#### Records supplied ####
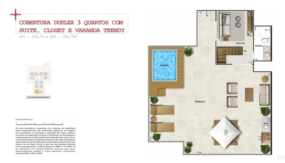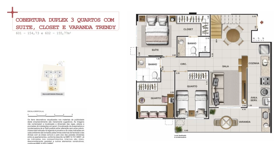 Cobertura Duplex 3 quartos, com 154m² e 155m².
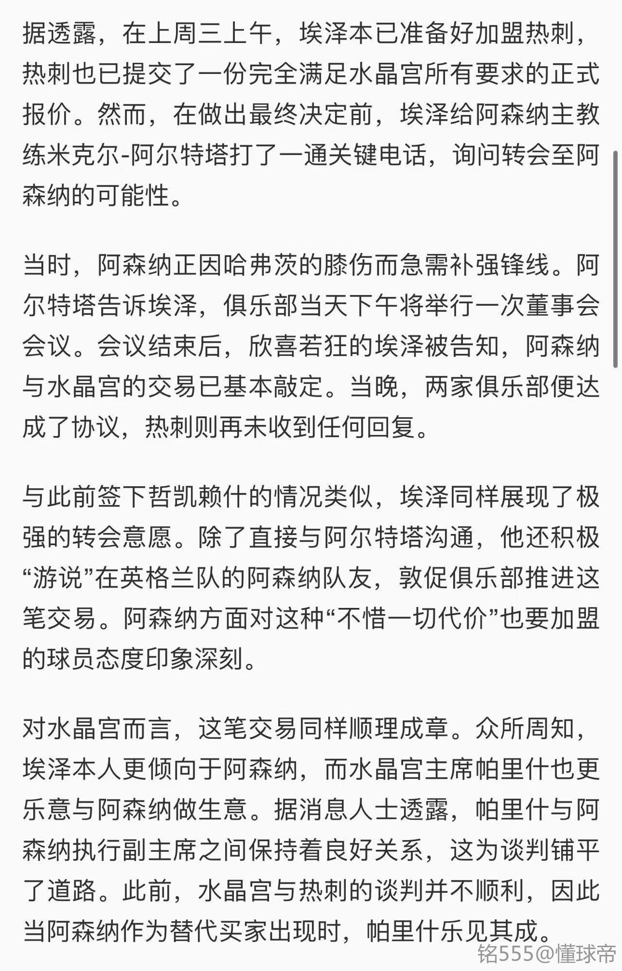 扫描下载懂球帝首页>动态> 埃泽谈今夏转会:本想加盟热刺,但枪手出现后我就非他们不选
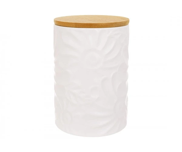 Банка керамічна Квітка 700мл з бамбуковою кришкою, колір-матовий білий
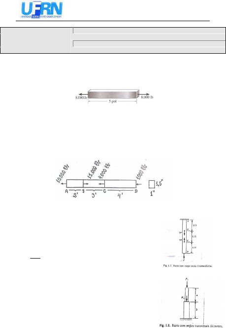 1. Uma barra com comprimento de 5 pol e área da seção reta igual a 0,07 pol²
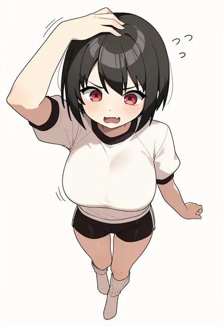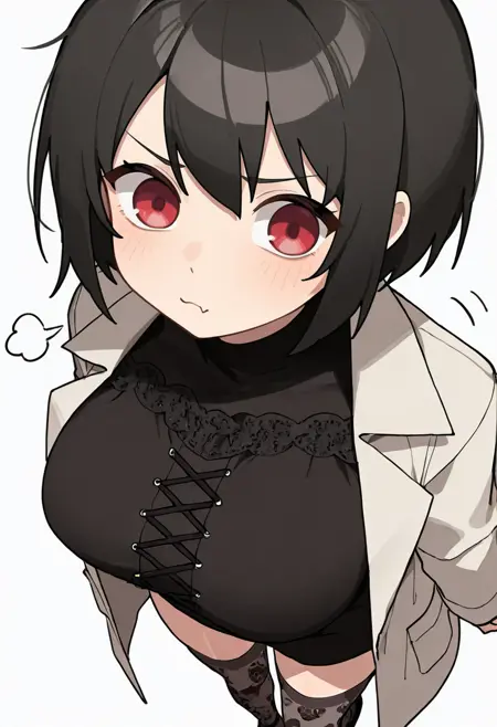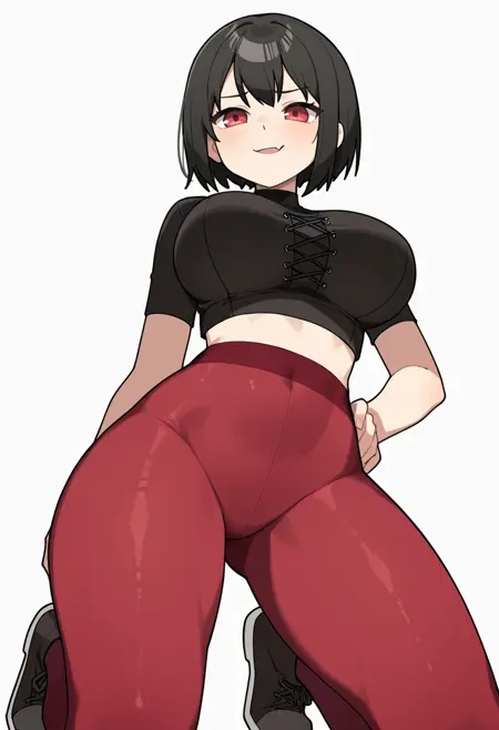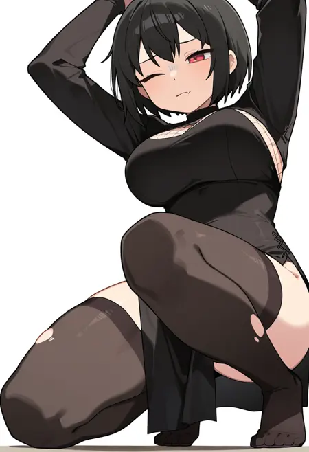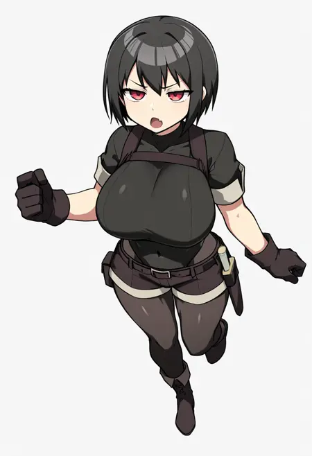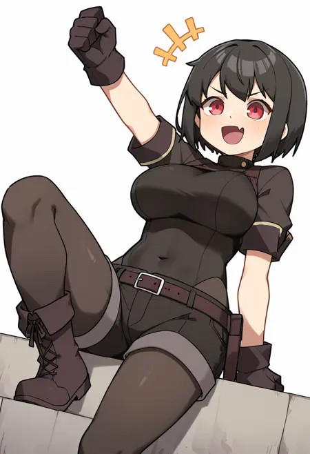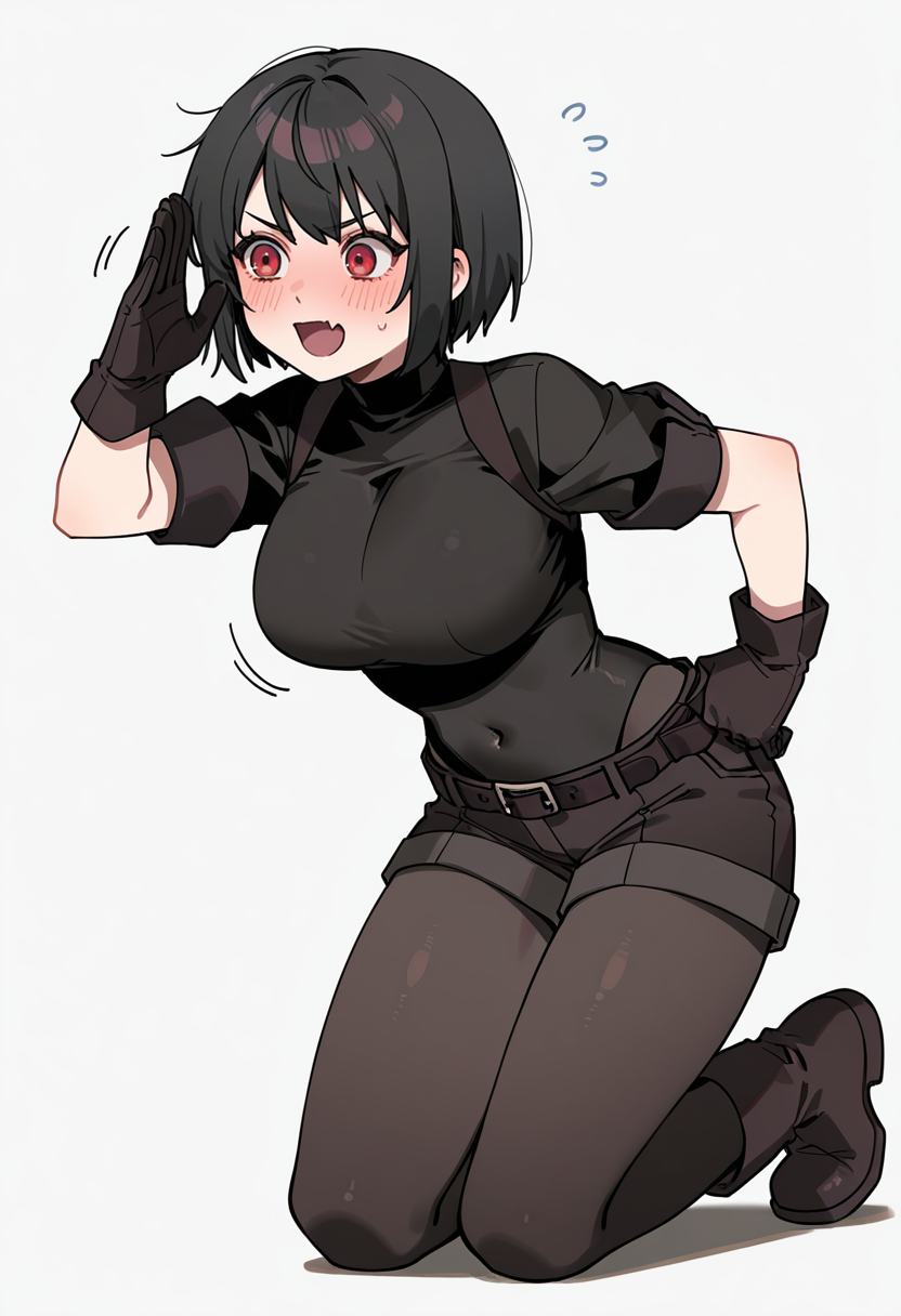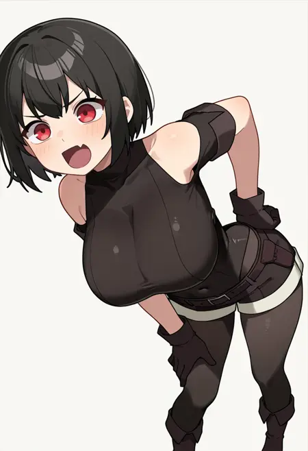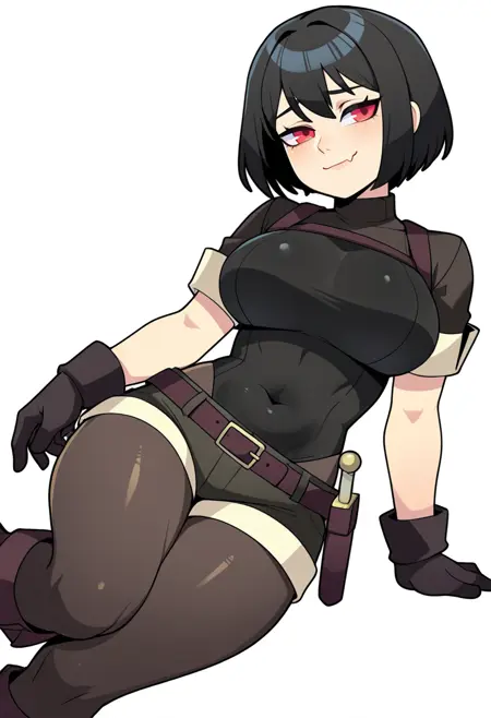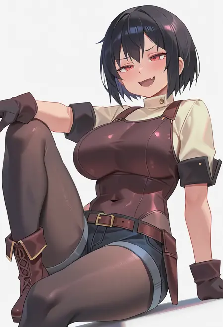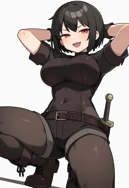 swordsgirl_cnr, 1girl, black hair, short hair, red eyes, skin fang, large breasts,
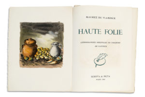 VLAMINCK (Maurice de). — Haute Folie. — Paris, Scripta et Picta, 1964. — Grand in-4, en feuilles, sous couverture verte rempliée, chemise et étui éditeur (qq. transferts de figures, étui très lég. frotté).
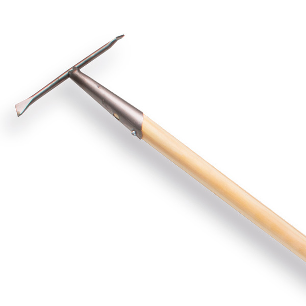 Voegenkrabber uit verzinkt staal met steel van 150 cm, merk Atlas. De dubbele krabber is voorzien van een spitse en hoekige zijde.
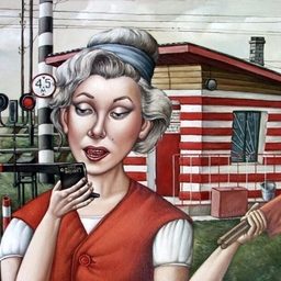 Донецкая художница Анжела Джерих не просто рисует ностальгические «советские» картины. Ей, скорее, интересна стилистика советского быта: толстеющие мечтательные дамы, неуклюжие кавалеры, пионеры и бабушки у подъездов.
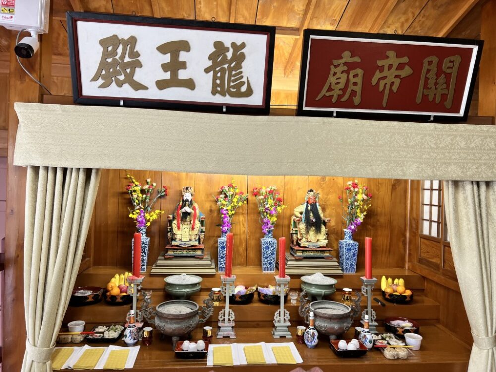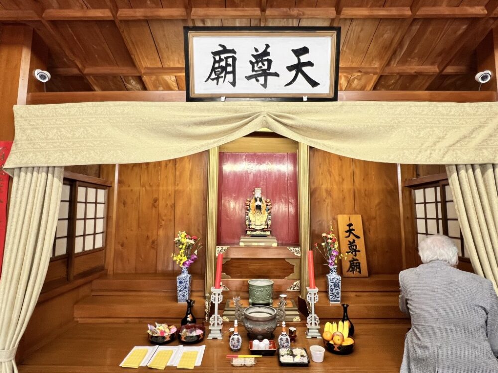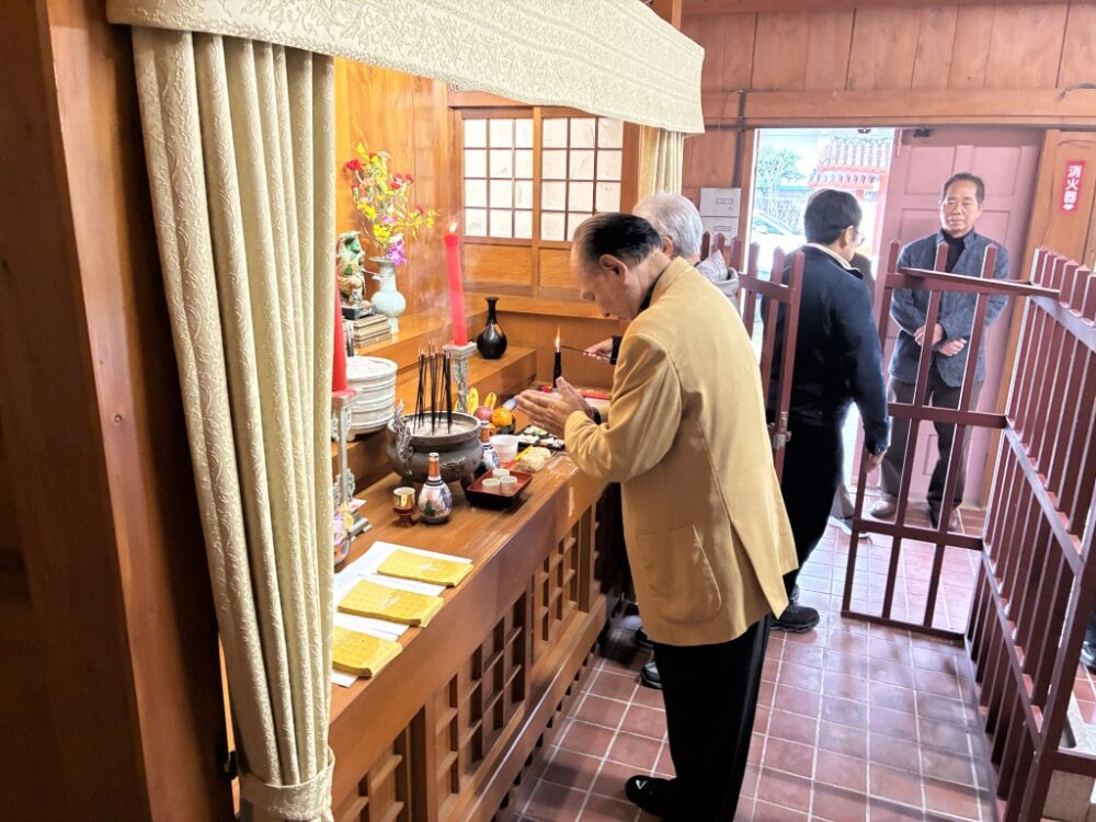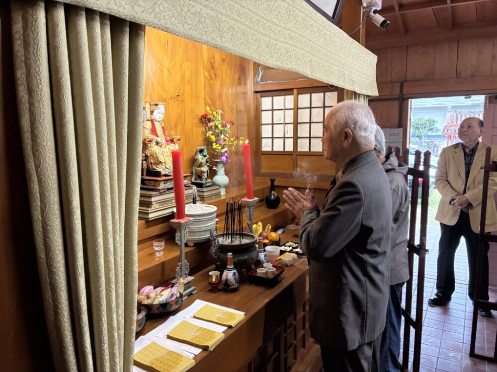久米崇聖会の役員・会員が参集し、天尊廟・天妃宮・関帝廟・龍王殿それぞれに線香を手向け、祈りを捧げました。
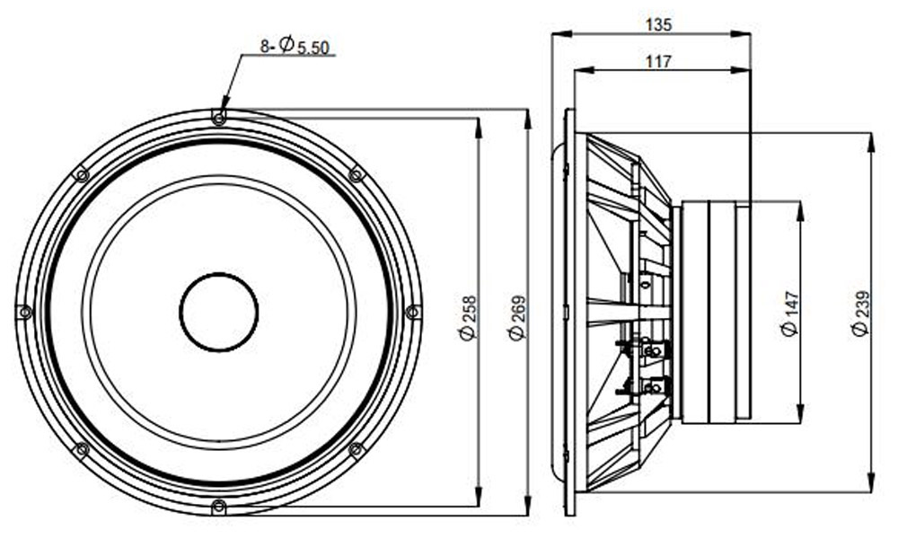 | Baffle cutout dia.: | 230 mm |
####
## [Exercise description]
Repeat only the lines between the start of the data and the line with "swordsgirl_cnr, 1girl, black", including those two lines, and skip the pictures.

## [Output of the task]
 Cobertura Duplex 3 quartos, com 154m² e 155m².
 扫描下载懂球帝首页>动态> 埃泽谈今夏转会:本想加盟热刺,但枪手出现后我就非他们不选
 Банка керамічна Квітка 700мл з бамбуковою кришкою, колір-матовий білий
 1. Uma barra com comprimento de 5 pol e área da seção reta igual a 0,07 pol²
 swordsgirl_cnr, 1girl, black hair, short hair, red eyes, skin fang, large breasts,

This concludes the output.